Она начинает говорить. Она не продумала свою речь, не знает, что скажет в первую очередь, и минутами даже не знает, на каком языке она говорит, она чувствует только, что слова льются сами собой, что теперь ей дано говорить, говорить на всех наречиях.
Она говорит о двухстах семействах. Был благородный виноградник, Франция, и вот налетела саранча и набросилась на прекрасный виноградник и накликала на него нечисть со всего мира.
— Почему вы терпите такое? — вопрошает Симона. — Выкурите их серой. А если нельзя иначе, так вырвите с корнем больные лозы и сожгите их, и спасите прекрасный виноградник, именуемый Францией. Не нолей те секиры и не жалейте огня.
Симона говорит загадочно и пламенно, и все умолкают, и мадемуазель Русель, учительница Симоны, сперва возмущенно качает головой, но вот и она притихла и с восторгом слушает Симону. И ряды врагов все редеют, и раскормленная физиономия мадам исчезает, и два миллиона рантье опускают руки, и золотые доспехи двухсот семейств тускнеют, а адвокаты свертывают свои мантии-крылья и бесшумно уползают обратно, на крышу собора. Все больше и больше восторженных лиц видит перед собой Симона, все друзья ее здесь, глаза Этьена, устремленные на нее, светятся восторгом, румяное морщинистое лицо папаши Бастида сияет от удовольствия, Жиль де Рэ теребит свой ус и насмешливым, пронзительным голосом говорит:
— О ля-ля, и задала же она им перцу. Выложила все начистоту. Вот теперь видно, что она — дочь Пьера Планшара.
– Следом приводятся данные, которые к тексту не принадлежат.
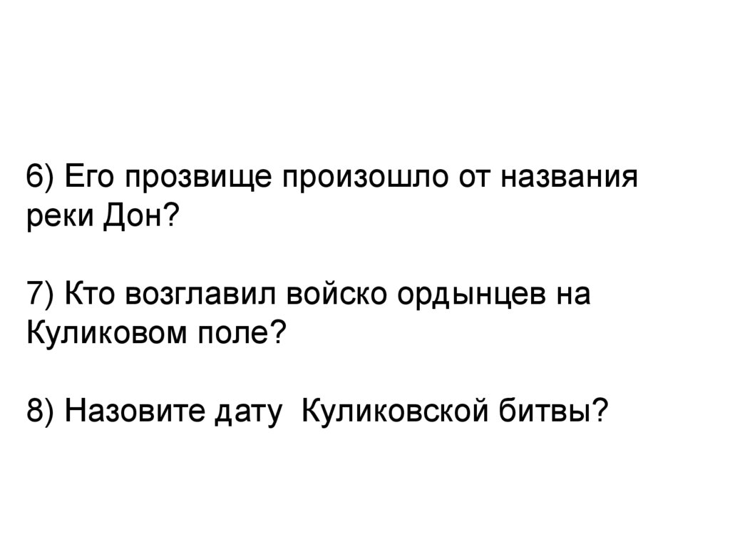 6) Его прозвище произошло от названияреки Дон?
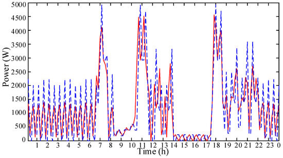 Based on the predicted results of all household appliances, the expected daily power of this household was obtained. Figure 4 shows the comparison result between the expected power and the actual power of this single household. From the red curve, one can see that the main consumption time for the household is from 6:30 h to 8:00 h, from 10:20 h to 11:50 h, from 17:30 h to 18:30 h, in which peak consumption is at 17:50 h with 4556 W, 11:00 h with 4520 W, 7:10 h with 4120 W, and off-peak consumption is from 8:30 h to 10:00 h and from 14:00 h to 17:40 h with about 200 W. Based on the actual profile in blue color, the comparison result shows that prediction error of peak consumption in the morning was 16.26%, at noon it was 7.39%, and in the evening it was 7.39%, and the prediction accuracy for the determination of peak consumption was 10 min. Therefore, the prediction results are in good agreement with the measured data, and can accurately predict each peak and valley time. Additionally, from 0:00 h to 8:00 h, due to the operation characteristics of the air conditioner, the expected power is different from the actual power, but the expected energy consumption is the same. Similarly, the time interval from 22:30 h to 24:00 h still has the same result.
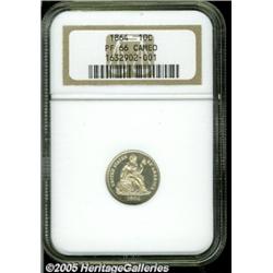 <B>1864 10C PR66 Cameo NGC.</B></I> A sparkling white coin that is very well preserved and quite rare in this grade. The surfaces are a delight to study, with just a whisper of contact found on the delicate mirror fields. Great contrast between the devices and fields, as expected. Fully struck throughout and a very pleasing coin indeed. Population: 2 in 66, 3 finer (2/05).
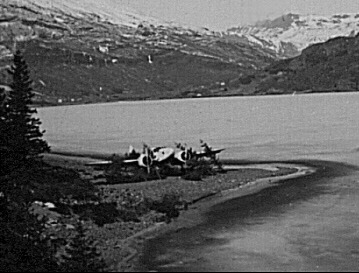 An Italian made aircraft, one of four ordered by the Norwegian air force in 1937. The Ca.310 nr.505 was left behind on the shores of Vangsmjøsa, and badly camouflaged with some trees and bushes. It was probably very dark when the pilots did this, in the daylight it actually added more attention to the area! |
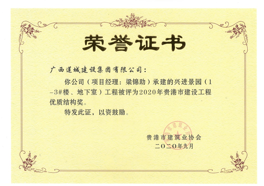 2020年貴港市建設(shè)工程優(yōu)質(zhì)結(jié)構(gòu)獎興進(jìn)景園(5#、7#)工程,項目經(jīng)理:梁錦助
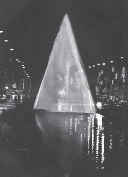 For him, those were merely “opportunities to bring aesthetic projects to life on an unimaginable scale, experimenting with unconventional materials. The sets became aesthetic-kinetic experiences, in line with the artistic explorations of the 1970s”. To highlight just one instance, consider the iconic “Piramide Telematica” (Telematic Pyramid) created for the Milan congress in 1989 (bearing in mind the post-modern era in architecture and the unveiling of the Louvre pyramid a year prior). Beyond enhancing the visual presence of speakers on the podium, it had the groundbreaking ability to link with domestic television networks, thereby, for the first time, bringing live broadcasts into the homes of Italians.
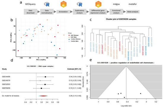 Figure 1. (a) Data-analysis workflow. (b) Principal Component Analysis plot in the GSE44456 study. (c) Clustering. (d) A forest plot of the GO:1900391, showing the LOR (log odds ratio) of each study and the global result. (e) Funnel plot of the GO:2001028; dots in the white area indicates the absence of bias and heterogeneity.
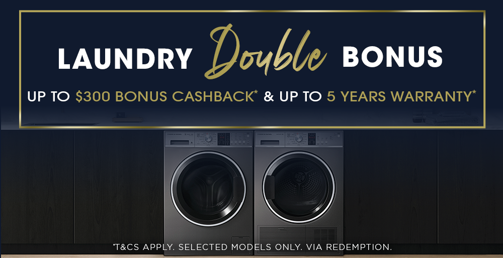 Get up to $300 cashback and enjoy up to 5-year warranty when you purchase select premium laundry appliances. Bonus value combines cashback and extended warranty on eligible models—check product details for availability.
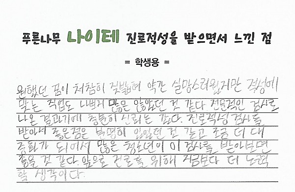 나온 결과기에 충분히 신뢰는 갔다. 진로적성검사를
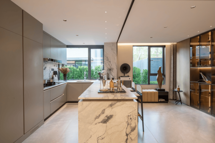 奢阔方厅内,每一位家庭成员既各自独立,又紧密相连:父亲在厨房烹饪,孩子在客厅玩耍,母亲在阳台练瑜伽——目光所及之处,尽是一家人在空间内流动的融洽与亲密。
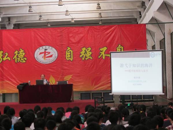 张怀涛教授首先就我校图书馆藏书的种类进行介绍,向新入校的学生讲解了如何寻找索取纸质图书的方法和如何利用我校现有的电子图书资源。接着张教授就读书的策略问题与学生们展开了交流,张教授指出读书要注意博约结合、循序渐进,注意要巧用时间,融会贯通。最后,张教授着重强调读书要讲究方法,针对不同的书籍,选用不同的阅读方法,灵活运用广读法、深度法、速读法以及联读法等不同方法。
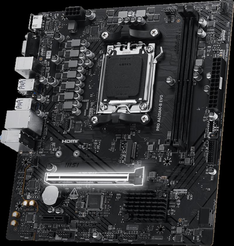 La MSI PRO A620AM-B EVO adopte les dernières avancées en matière de mémoire et de stockage avec le support DDR5 jusqu'à 6800+ MHz (OC) et un slot M.2 PCIe Gen 4 x4 pour des débits jusqu'à 64 Gbps. Grâce à son slot PCIe 4.0 renforcé par la technologie Steel Armor, elle supporte facilement les cartes graphiques haut de gamme.
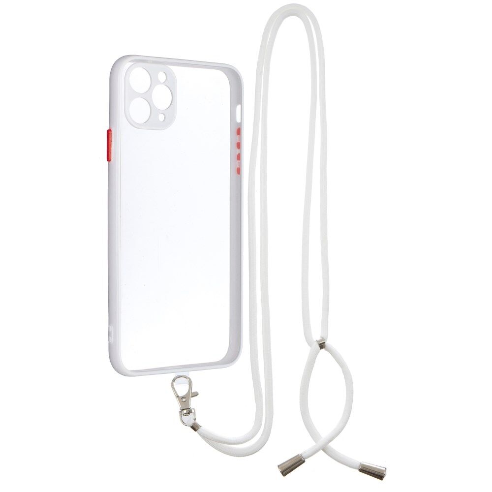 Transparent TPU + Acrylic Combo Hybrid Back Phone Cover Shell with Lanyard for iPhone 11 Pro Max 6.5 inch - White
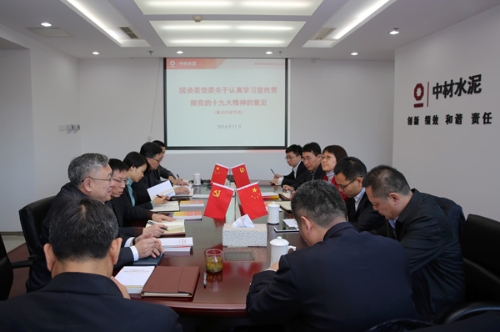 会议还学习传达了国资委学习十九大精神动员部署会、学习贯彻十九大精神报告会两个会议精神,学习了《国资委党委关于认真学习宣传贯彻党的十九大精神的意见》和集团董事长、党委书记宋志平《深入学习贯彻十九大精神 打造具有全球竞争力的世界一流建材企业》文章内容。
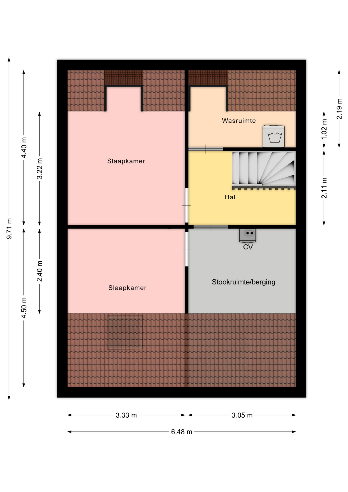 Middels vaste trap te bereiken overloop met toegang tot twee ruime slaapkamers, de stookruimte en de wasruimte. De slaapkamers zijn ca. 12m² en 7m² groot. Aan de achterzijde is een dakkapel gerealiseerd voor de nodige lichtinval en ruimte. De wasruimte is ca. 4m² groot en voorzien van de witgoedaansluitingen. In de stookruimte (ca. 7m²) is de Cv-installatie aanwezig (eigendom, bouwjaar 2023).
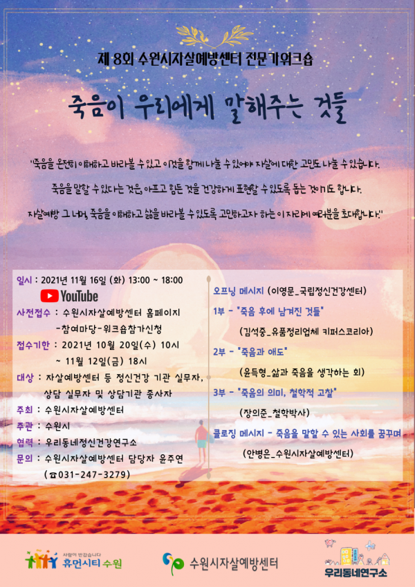 [충청뉴스큐] 자살예방법과 건강한 삶에 대해 알아보는 ‘제8회 수원시자살예방센터 전문가 워크숍’이 오는 16일 오후 1시 비대면 방식으로 열린다.
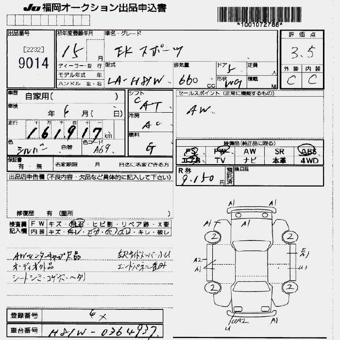Статус выставлен на аукцион Лот 9014 Аукцион JU Fukuoka Дата аукциона 30.01.2026
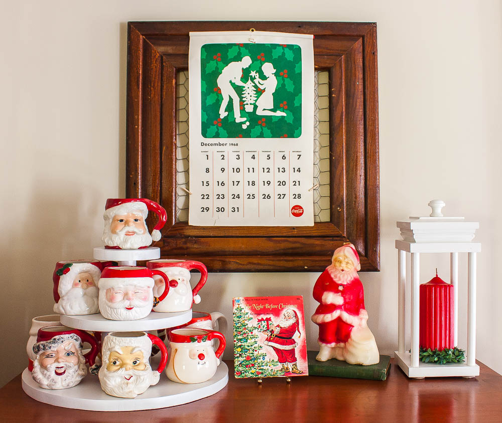 It looks so pretty and festive, I love all the vintage! The collection of Santa mugs is my favorite!
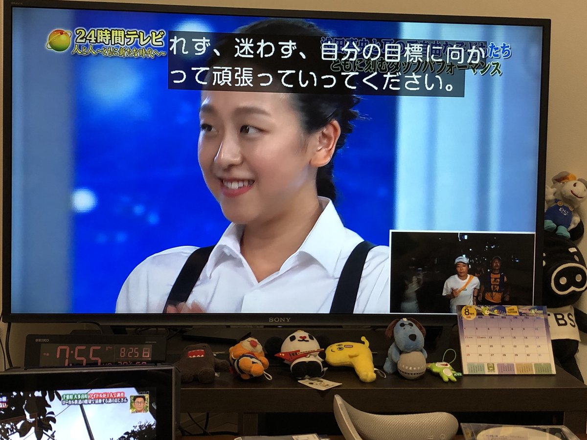 今回のMVPは駅伝ではなくて、どう考えたって浅田真央ちゃんに違いない。嵐にしやがれパートまでがっつり出演して、みとちゃんが駅伝で抜けた司会席でゲストの募金箱を受け取り、座布団運びもこなし、最後はパフォーマンスを仕切って、完璧かよ。もともと高かった好感度爆上げだよ。 #24時間テレビ42

А дофин опять в своей пурпурной мантии, и лицо у него мужественное, и серо-голубые глаза ласково глядят из-под густых золотисто-рыжих бровей, и звенящим голосом он возглашает:
— Ты убедила меня, моя дорогая Симона. Конечно, я дам тебе денег и войско. И пусть мадам говорит, что хочет.
И вот — наступление, и Симона в головном танке. А впереди летит чья-то большая светлая фигура, стремительно летит она, от быстрого полета вздулось платье, и Симона видит, что это ее милая богиня, богиня Победы. Но теперь Симона ни за что не даст богине улететь, теперь наконец она узнает, какое лицо у богини и кто она, Крылатая. Симона дрожит от нетерпения. Она переводит танк на самую большую скорость, неуклюжую машину качает, швыряет из стороны в сторону, а догнать Крылатую она не может. Мгновениями Симона как будто уже совсем близко от нее, но, оказывается, богиня на мгновение замедлила полет лишь для того, чтобы полететь еще быстрее. Крылатая явно дразнит Симону. Но вот наконец она оборачивается и улыбается Симоне, как будто даже лукаво. И что же? Симона так и думала, у нее бледное, нежное лицо Генриетты.
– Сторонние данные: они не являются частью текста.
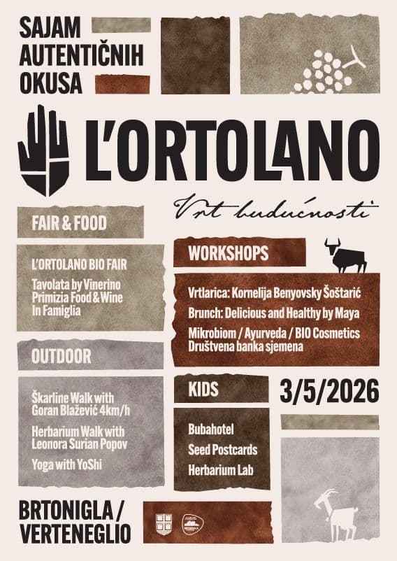 We invite you to the fair of authentic flavors “L'Ortolano”, which will take place on Sunday, May 3rd, from 10:00 AM to 8:00 PM in Brtonigla.
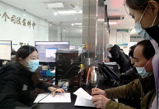 圖為1月28日,江蘇省南通經(jīng)濟技術(shù)開發(fā)區(qū)人民法院干警以“滿格電”的狀態(tài)投入到緊張繁忙的工作之中。圖為工作人員在訴訟服務(wù)中心為當(dāng)事人辦理立案手續(xù)。
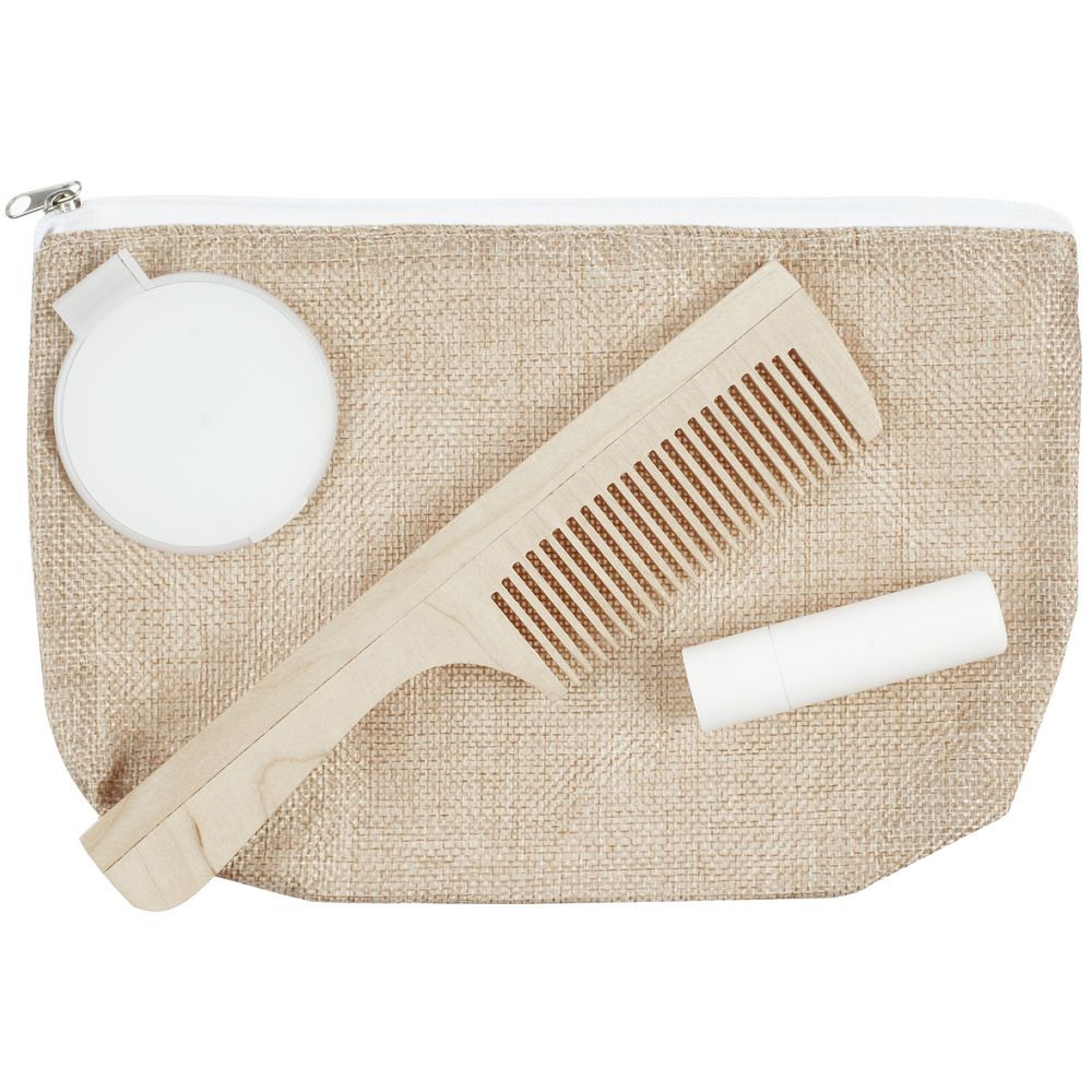 помада: 1,8x1,8x6,7 см; расческа: 19,3х4,4х0,5 см; зеркало: 6x6x0,5 см; косметичка: 23х13х4 см
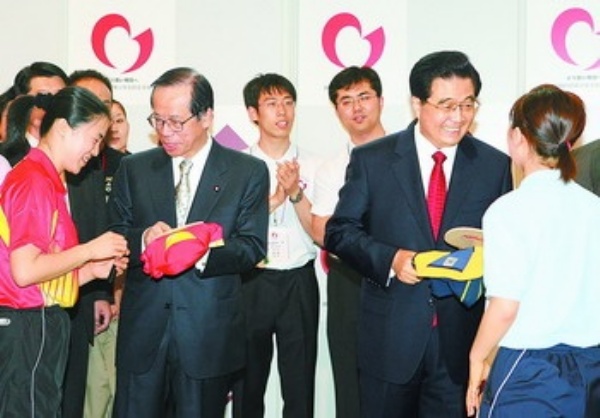 开幕式结束后,胡锦涛和福田康夫来到国际交流中心,同在那里的中日青年进行了交流。胡锦涛还同著名乒乓球运动员王楠、福原爱展开了乒乓球友谊赛。
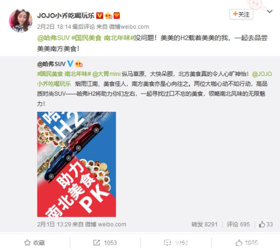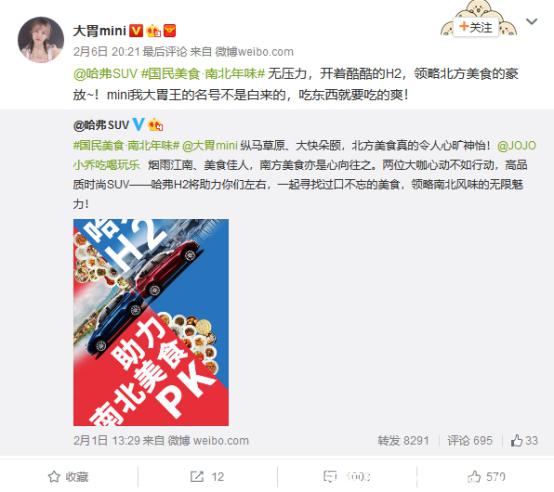 幾天前,哈弗官微發(fā)起了南北美食的話題,#國民美食·南北年味#,在微博上引發(fā)熱議。不少網(wǎng)友都自豪的展示自己家鄉(xiāng)的美食,回憶小時候的年味。話題的熱度引起了美食博主的關(guān)注,大胃mini和JOJO小喬吃喝玩樂更是自告奮勇,分別幫網(wǎng)友們尋找南北年味美食。

Блаженство охватывает Симону, сердце готово разорваться от счастья. На душе легко-легко, она чувствует: Победа, она чувствует: Франция, она чувствует: Свобода, Равенство, Братство.
Она в кино и смотрит еженедельное обозрение. Она видит, как на экране проворная, юркая стрелка вычерчивает ее продвижение вперед от пункта к пункту и как школьники ликуют оттого, что их отпустили по случаю ее побед, и как весь мир отмечает на картах флажками взятые ею города и села, и флажки приходится так скоро перемещать, что люди не поспевают. Сама же Симона сидит в задних рядах и все это видит и прячется.
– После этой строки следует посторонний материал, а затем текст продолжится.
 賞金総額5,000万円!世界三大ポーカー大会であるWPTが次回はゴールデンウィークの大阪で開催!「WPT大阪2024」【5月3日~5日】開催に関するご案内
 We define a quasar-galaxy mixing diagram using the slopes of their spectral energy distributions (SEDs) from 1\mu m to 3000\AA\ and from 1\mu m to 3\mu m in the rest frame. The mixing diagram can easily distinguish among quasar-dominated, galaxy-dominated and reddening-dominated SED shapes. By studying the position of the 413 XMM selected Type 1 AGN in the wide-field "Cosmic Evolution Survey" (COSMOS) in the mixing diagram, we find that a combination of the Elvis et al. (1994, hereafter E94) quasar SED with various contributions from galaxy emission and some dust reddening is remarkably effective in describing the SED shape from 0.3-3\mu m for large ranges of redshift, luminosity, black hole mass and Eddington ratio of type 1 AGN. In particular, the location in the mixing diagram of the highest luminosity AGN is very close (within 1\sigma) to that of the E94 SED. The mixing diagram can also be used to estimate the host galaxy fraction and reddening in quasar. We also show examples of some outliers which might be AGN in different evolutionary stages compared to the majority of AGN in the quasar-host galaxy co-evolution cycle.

Будильник тикает все громче, и поднимается оглушительный трезвон колоколов. Это по случаю коронации дофина в Реймсском соборе. Собор сильно разрушен бомбами, сквозь крышу светит солнце, и все потеют в своих праздничных одеждах. Но это пустяки. Звонят колокола, самолеты пролетают по небу, цикады стрекочут, музыка играет „Марсельезу“, и все хором подхватывают ее.
Симона же стоит в своих доспехах и в темно-зеленых брюках и салютует знаменам: вот и видно, как хорошо она все же сделала, что не поскупилась и заплатила двадцать пять ливров.
Она осматривается, ищет знакомых. И сейчас же навстречу ей идет Жиль де Рэ и говорит:
— Вы действительно наша, мадемуазель. Я был несправедлив к вам. Простите меня.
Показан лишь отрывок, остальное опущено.